I can’t resist the opportunity to talk about love.  During Valentine’s Day, which some refer to as a “Hallmark Holiday” we think about love in the romantic sense.  Flowers and chocolate come to mind, and maybe a date night with our partner for the first time in months or longer.  Some folks celebrate birthdays on this day, and some choose to get married on 2/14 as it is thought of as being very romantic.

The role of romance in love is a fun facet of being alive.  Young love in particular can rule our worlds if we are new to the idea that Two hearts can beat as one (Thank you U2!)  We have butterflies in our stomachs, and start fantasizing about the future.  Even as a young woman I recall in high school how many of us girls would write out our names on our notebooks and include our future ”married” names by adding the last names of our boyfriends at the time.  The energized current of young and romantic love is a playful, unique and special experience of being human.

But when the novelty wears off, and two people are committed to each other and the life they are building together, love can become a little less sexy and a bit more pragmatic.  As we time travel into the future about plans, possibilities and opportunities, our “playful” romantic experience can turn into stress and anxiety about the health and security our families.  No matter what our family structure looks like, our experience of romantic love doesn’t prevail.  That energy is more like a seed that is planted so we can grow into the virtuous commitment where the whole, is greater than the individuals that comprise the family unit.

Love goes from roses, chocolate and awkward nervousness to conversations that start with questions like “What’s for dinner?” And “How will we manage this challenge?”  And “You spent how much money on that?”  We juggle caring for our families and ourselves, with nurturing the unique intentional effort that deep, committed love demands.  Schedules can get over booked, sports and music lessons for the kids can dominate the flow of activity, along with working our professional jobs, keeping the laundry going and making sure there is creamer for that much coveted first cup of morning coffee.

But Love, in its most powerful form, in my experience, transcends all of this.  It provides a foundation for security, respect and mutual support.  It can promise survival after an accident.  It can promise reconciliation after opposing action.  What most impresses me about “L-O-V-E” is that it takes on so many forms, from romantic, to platonic, to friendship to deep reverence to reciprocal care and concern for one another and our Planet.  

Consider some scenarios which capture a few examples of how love has manifested in my own life:

Love Is:

  • Making end of life decisions for my Daughter.  Then looking across the room into my partner’s eyes weeks later at her funeral, while both of us yearn for the other to confirm we made the right decision.
  • Supporting a friend or partner in an endeavor important to them, even when we don’t support the endeavor itself.
  • Weaving the strands of our lives together with compassion and empathy, as we recognize parts of ourselves in others, and parts of them in us.
  • Circling back with someone to clarify some communication that may have unintentionally gone sideways.
  • Giving without attachment.
  • Accepting, without blocking.
  • Kindness.
  • Forgiveness.
  • Setting boundaries.
  • Gratitude.
  • Presence.
  • Hopeful:  Feeling that the future can be better than the past, and that we have the agency to show up and do what is required to make that future happen.
  • Generosity
  • Seeing the first tulip push through the thawed out ground in Spring, or watching that last leaf to slowly fall and drift in Autumn.

What is love to you?  On this Valentine’s Day, if you are so inspired, carve out some time this morning or later today, to ponder what love means to you, your life, people closest to you, and how it manifests.  Are you missing any opportunities to be loved?  Or overlooking an opening to show someone else unconditional love?  Or to acknowledge the care someone has shown you, or you have shown yourself?  

In my experience feeling seen and heard is one of the highest levels of love expression that we can feel, and also provide to others.  Don’t hold back today, or any day, while celebrating loving people and conditions in your life.  Try openly expressing your affection and appreciation where it feels appropriate.  And allow yourself to receive, that which you give away.

When you say “I love you” to someone, let the current of your energy be viscerally felt, and make words the secondary transmission of your expression.

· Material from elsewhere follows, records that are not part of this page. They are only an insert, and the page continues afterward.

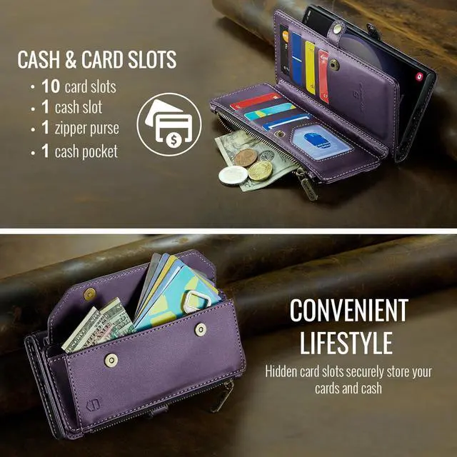 Multi-functional wallet case for Samsung A15 5G: This leather case for Galaxy A15 doubles as a wallet with 10 card slots, a zipped coin pocket and a cash pocket; You can keep your ID, credit cards, notes and coins all in one convenient place, effortlessly combining fashion and functionality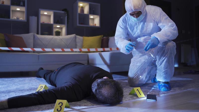 Gathering forensic evidence at the crime scene. Forensic expert. A forensic expert in a protective suit examines empty shell casings at the crime scene. Pro Video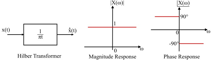这个表达式表明,信号 x(t) 的希尔伯特变换 $\hat{x}(t)$ 可以通过使 x(t) 通过一个传递函数为 [-j\:sgn(ω)] 的线性器件来获得。这个线性器件可以被认为是为输入信号的所有正频率产生 (-90°) 相移,为所有负频率产生 (+90°) 相移的器件。
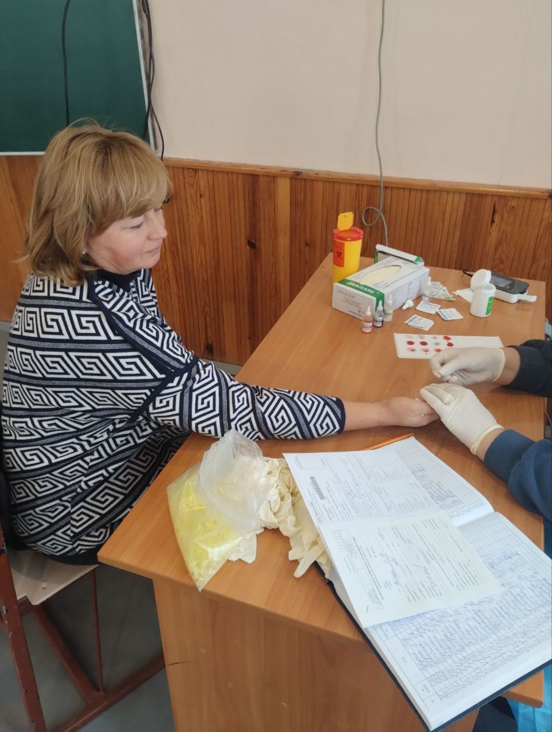 Після оформлення документів кандидатів у донори направляли у лабораторію для попередніх аналізів. Там проводили лабораторне обстеження — визначали групу крові, резус-фактор та гемоглобін.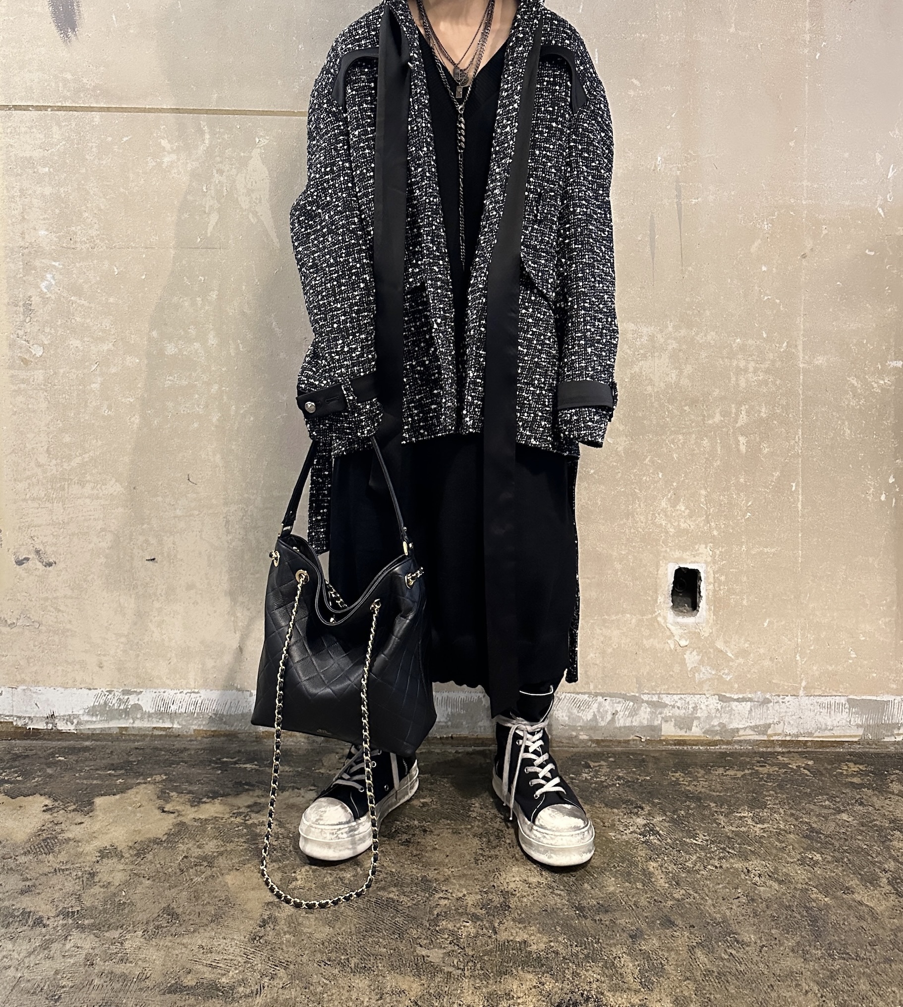 MUL174-246 DRAPE CHAIN ONE HANDLE BAG Blackキルティング型押し

But for the use of words, would the people in your life know how you feel about them?  If not, it might be time to focus on closing the gap between how you feel about people and how effectively you have expressed these feelings in real time.

Then let love do its thing.  As Jason Mraz beautifully sings, in his song Life is Wonderful:

“It takes no time to fall in Love but it takes you years to know what the Love is.”

And by all means, bring on the roses, candy and romance if you are fortunate enough to spend today with that one person who makes life all ok for you.  Go out of your way to make sure they know how you feel about them.  That way, when the shit hits the fan, and it always does, you will have built, and become part of a foundation that can carry you through both the best, and the worst of times.

Oh, and don’t forget the chocolate covered strawberries and the champagne!  Cheers!